As we move closer to the elective conference of the ANC in December, South Africa’s focus is firmly set on who will emerge as the new leader of the ruling political party. Whilst the leadership race has certainly stolen the lime light, one should not neglect the central policy issues postponed in July that are due to be decided at this conference. Chief amongst these issues is the land debate and whether to amend the Constitution to allow for expropriation without compensation. Ironically, this ‘side show’ may well have the most direct impact as ordinary citizens will feel the crunch where it hurts the most, in their wallet. - Theo Boshoff, Head Legal Intelligence
As we move closer and closer to the elective conference of the ruling party in December, South Africa’s focus is firmly set on who will emerge as the new leader of the ruling political party. Whilst the leadership race has certainly stolen the lime light, and understandably so, one should not neglect the central policy issues postponed in July that are due to be decided at this conference. Chief amongst these issues is the land debate and whether to amend the Constitution to allow for expropriation without compensation. Ironically, this ‘side show’ may well have the most direct impact as ordinary citizens will feel the crunch where it hurts the most, in their wallet.

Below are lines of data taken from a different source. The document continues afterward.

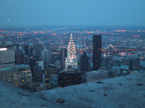 | Here is a view at night from the top of the Empire State Building. You can see the Chrysler Building all lit up. |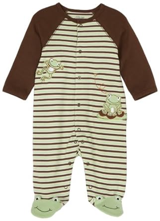 Category: Baby Vendor: This is an adorable footie from little me, the body is multi stripe with brown, light green and white stripes and frog applique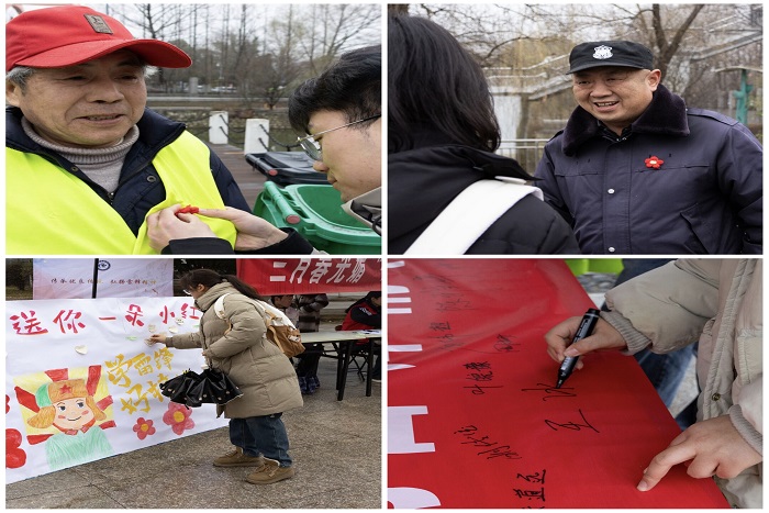 当天,校青年志愿者协会准备了精心制作的小红花,同学们找到了校园内的保安大爷、环卫工人、宿管阿姨等工作人员,向他们表达了深深的敬意和感激。参加活动的高德锐同学说:“我们想通过这种方式致敬我们身边的‘雷锋’,正因为有他们的辛苦付出,才有了我们舒适的校园环境。这些小红花不仅是对这些平凡岗位上默默奉献的‘活雷锋’的肯定,也是对雷锋精神的传承和发扬。”志愿者们还准备了爱心便利贴,过往同学纷纷在展板上张贴,表达自己参与志愿服务的意愿,现场氛围浓郁高涨。爱心社通过发放宣传资料、现场讲解等形式,向过往的师生普及雷锋的事迹和精神内涵。活动现场,许多同学在“弘扬雷锋精神,真情温暖人间”的横幅上签名,表达了自己践行雷锋精神的决心。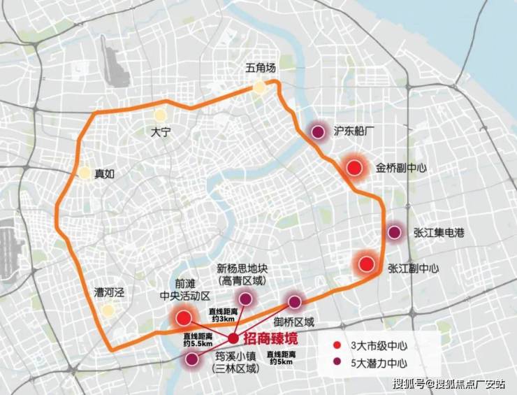 根据规划,金色中环将串联浦东3大重点地区(前滩中央活动区、张江副中心、金桥副中心)与5大潜力地区沪东船厂、张江集电港、御桥区域、新杨思地块(高青区域)、筠溪小镇(三林区域)。目前,前滩、新杨思、御桥、筠溪小镇作为浦东金色中环发展重点聚焦的四大极点,已成为促进浦东经济多元领域高质量发展的重要组成部分,迸发出无尽的价值和潜力。
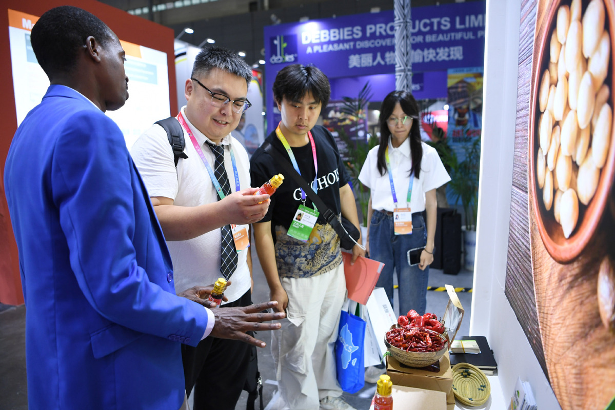 6月12日,在長沙國際會展中心,參展商推介盧旺達(dá)辣椒產(chǎn)品。當(dāng)日,第四屆中國-非洲經(jīng)貿(mào)博覽會在長沙舉行。(圖片來源:新華社)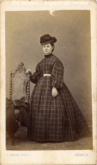 Acconciatura: capelli raccolti - Vestiario: abito scuro a quadri; cintura bianca; cappellino con piume - Soprabito: poggiato sulla sedia - Arredamento: sedia in legno intagliato, tappeto - Sfondo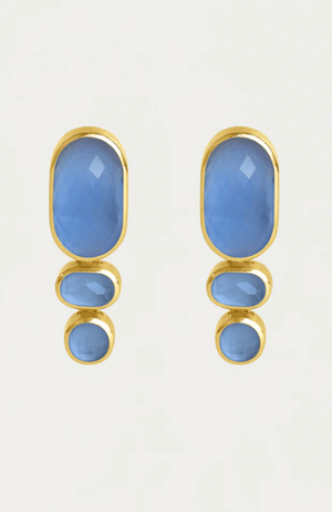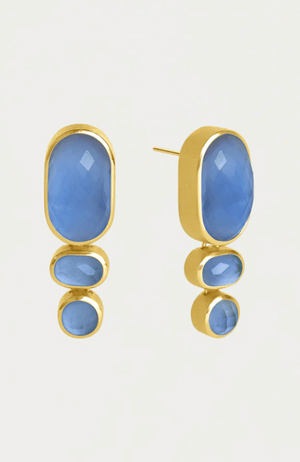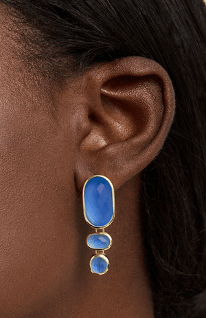 These three-tier Mercer earrings in Celestial Blue blend graceful design with rich color for evening elegance. Featuring handcrafted man-made gemstones with a pearlescent backing, they shimmer with depth and light. Brushed 22 karat gold frames the vibrant blue stones with refined polish, creating a striking statement piece that enhances any sophisticated look.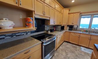 The Kitchen is generously equipped and is a beautiful space to spend time cooking awhile enjoying the views.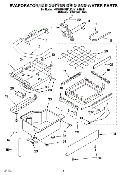 Parts for Kitchenaid KUIV18NNMS4: 02 - Evaporator, Ice Cutter Grid And Water Parts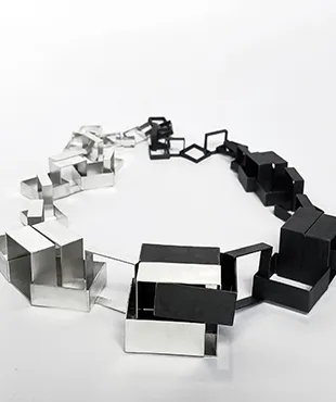 Cube Box Chain is a work created by Seongeun Kim, which was selected for its unique geometric form. Seongeun, who is currently studying towards an MA in Jewellery, constructed a chain of cubes made from oxidised and sterling silver. Each cube represents a place, time, or experience in Seongeun’s life.

South African agriculture is competing in a tough environment against global competitors who receive considerable support from their governments in the form of subsidies and non-tariff measures. In addition, the sector has to import many of its inputs which places our producers at a disadvantage due to the fluctuating exchange rate. As a result, the sector has become very reliant on credit which usually takes the form of bond financing. It was recently estimated that South African farmers are indebted to the tune of roughly R160 billion. This debt is shared between the Land Bank (25%), development finance institutions and agribusinesses (former cooperatives), but the lion’s share (70%) is held by commercial banks.
In the risky environment of climate change and policy uncertainty, banks regularly register mortgage bonds to secure their loans. Stated differently, to reduce the risk in the event that a farmer cannot repay his loan, banks couple the loan to the value of the land by registering a bond that allows them to sell the land as a last resort to recover their losses if the farmer is unable to pay back the loan.
If one were to amend the Constitution to allow expropriation without compensation, it could endanger the faith banks place in the land as security and set into motion a chain-reaction that eventually leads to the ordinary consumer losing out. One can be forgiven for asking how it will affect ordinary citizens if the banks make a loss, especially for something like land reform that is in the public interest - The answer is actually quite simple; banks use savings that the man on the street deposits in a bank account - and if expropriation without compensation takes place on widespread basis, it could be lost if we go this route as a country.
Let me explain: Banks raise the funds they need by using the money that ordinary people from all walks of life deposit into their bank accounts. People do so as banks keep their money safe, but also because banks pay them interest on their deposits to counter act the effect of inflation. Banks generate the funds used to pay interest by lending out depositor’s money and charging an interest rate on the loan. In order to minimise the chances of losing their depositor’s money they regularly require security, which in this case is the land and the trust placed in the integrity of the land market. If the state can take land without paying for it, then the integrity of the land market will be compromised and banks will not be able to recover depositor’s money that was loaned to farmers.
What makes matters worse, is that we are not talking about a trivial amount of money. Agricultural debt may only make up a portion of the commercial bank’s portfolios but if the effects are felt acutely, it can endanger the lender itself. In such a situation, one cannot discount the possibility that such a loss can lead to a run on the banks. No bank has sufficient liquid assets to pay out all of their depositors’ money in one go as funds are locked up in long term investments. In a bank run, depositors learn of large-scale losses and look to withdraw all of their funds at once out of fear. But since banks are not able to liquidise all of their assets at once, not all debtors can be satisfied and the bank may even collapse under the strain. Such an outcome will be catastrophic for the economy and the man on the street.
Whilst expropriation without compensation may be thought of as something that will only affect farmers or the rural citizens in our country, it has the potential to snowball into a situation that will surely affect us all. One therefore trusts that the delegates that deliberate on this topic in December are fully aware of the dangers that lurk within this policy proposal and consider alternatives that result in greater land reform and transformation without the associated risks. Financial institutions have already developed co-financing mechanisms whereby private sector funds are accessed to speed up land reform via ‘soft loans’ with subsidised interest rates. Such a solution would speed up transformation as desired without endangering the basic pillars of property rights underpinning our economy.